System.out.println(a);
System.out.println("reached");
System.out.println(b);
}
if (b1==43)
{
System.out.println("go");
int foo = Integer.parseInt(calculate(operator.ADDITION, a, b));
}
else if (b1==45)
{
int foo = Integer.parseInt(calculate(operator.SUBTRACTION, a, b));
}
else if (b1==42)
{
int foo = Integer.parseInt(calculate(operator.MULTIPLY, a, b));
}
else if (b1==47)
{
int foo = Integer.parseInt(calculate(operator.DIVIDE, a, b));
}

}
}
}
}

public enum operator
{
    ADDITION("+") {
        public int apply(int  x1, int x2) {
            return x1 + x2;
        }
    },
    SUBTRACTION("-") {
         public int apply(int x1, int x2) {
            return x1 - x2;
        }
    },
 MULTIPLY("*") {
         public int apply(int x1, int x2) {
            return x1 * x2;
        }
    },
     DIVIDE("/") {
         public int apply(int x1, int x2) {
            return x1 / x2;
        }
    };

 // You'd include other operators too...
private final String text;

    private operator(String text) {
        this.text = text;
    }

    // Yes, enums *can* have abstract methods. This code compiles...
    public abstract int apply(int x1, int x2);

    public String toString() {
        return text;
    }

}

public static String calculate(operator op, int x1, int x2)
{
    return String.valueOf(op.apply(x1, x2));
}
}

Answer 1

几个问题：

• 您只要求在字符串s中输入但不对其进行处理，因此请将该变量及其引用的位置删除。

• 定义一个String line; 变量修改并更新您的while循环为：

  while（（line = br.readLine（））！

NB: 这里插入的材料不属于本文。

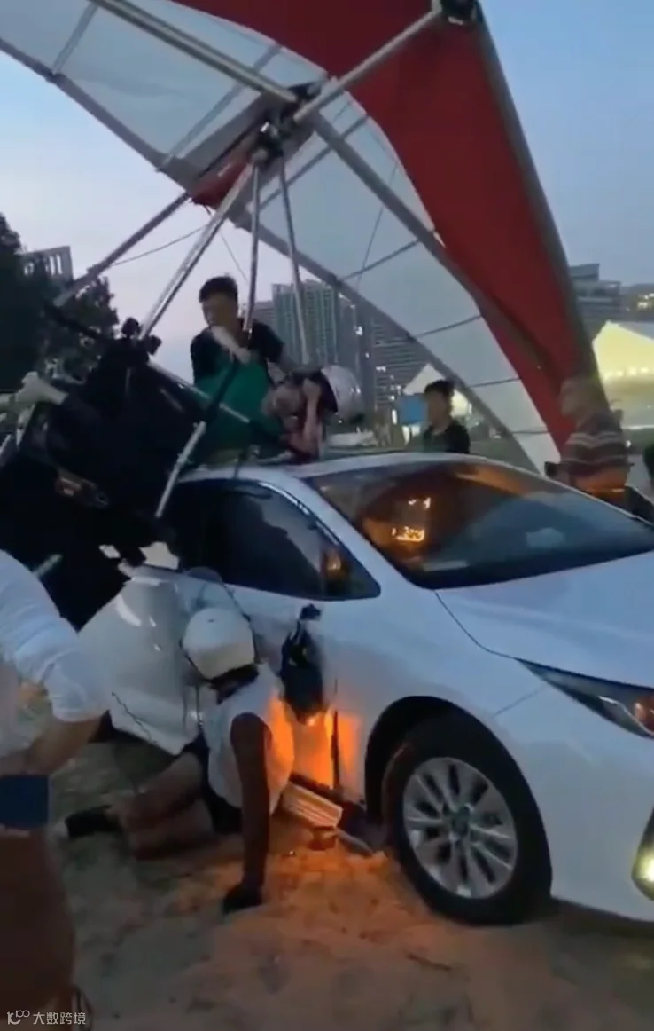 视频显示,红白机翼的滑翔机斜着卡在白色车顶,已脱身的驾驶员倚靠着车门,像是惊魂未定。人群围绕车辆,试图合力救出仍然卡在车顶与滑翔机之间的乘客。

= null）

• 您不需要此行byte b1=(byte)br.read(); 因为它只有换行符，即输入您在输入行时按下的键

• 您的while循环应为：

   declare operand1, operand2, count as int declare operator as char while tokenizer has more tokens do optional validate String with token count as 3 with middle token as operator. read token if count == 0 then operand1 = int(token) else if count == 1 then operator = char(token) else operand2 = int(token) done 

Answer 2

如果可以做到，那么使用Java的ScriptEngine类来评估用户给定的字符串会容易得多，如下所示：

ScriptEngineManager engine = new ScriptEngineManager();
ScriptEngine javaScript = engine.getEngineByName("JavaScript");

System.out.print("Please enter a mathematical operation: ");
String op = new Scanner(System.in).nextLine();

try {
    Object a = javaScript.eval(op);
    System.out.println("Result: " + a.toString());
} catch (ScriptException ex) {
    System.out.println("Error in the input!");
}

我已经对其进行了测试，效果很好。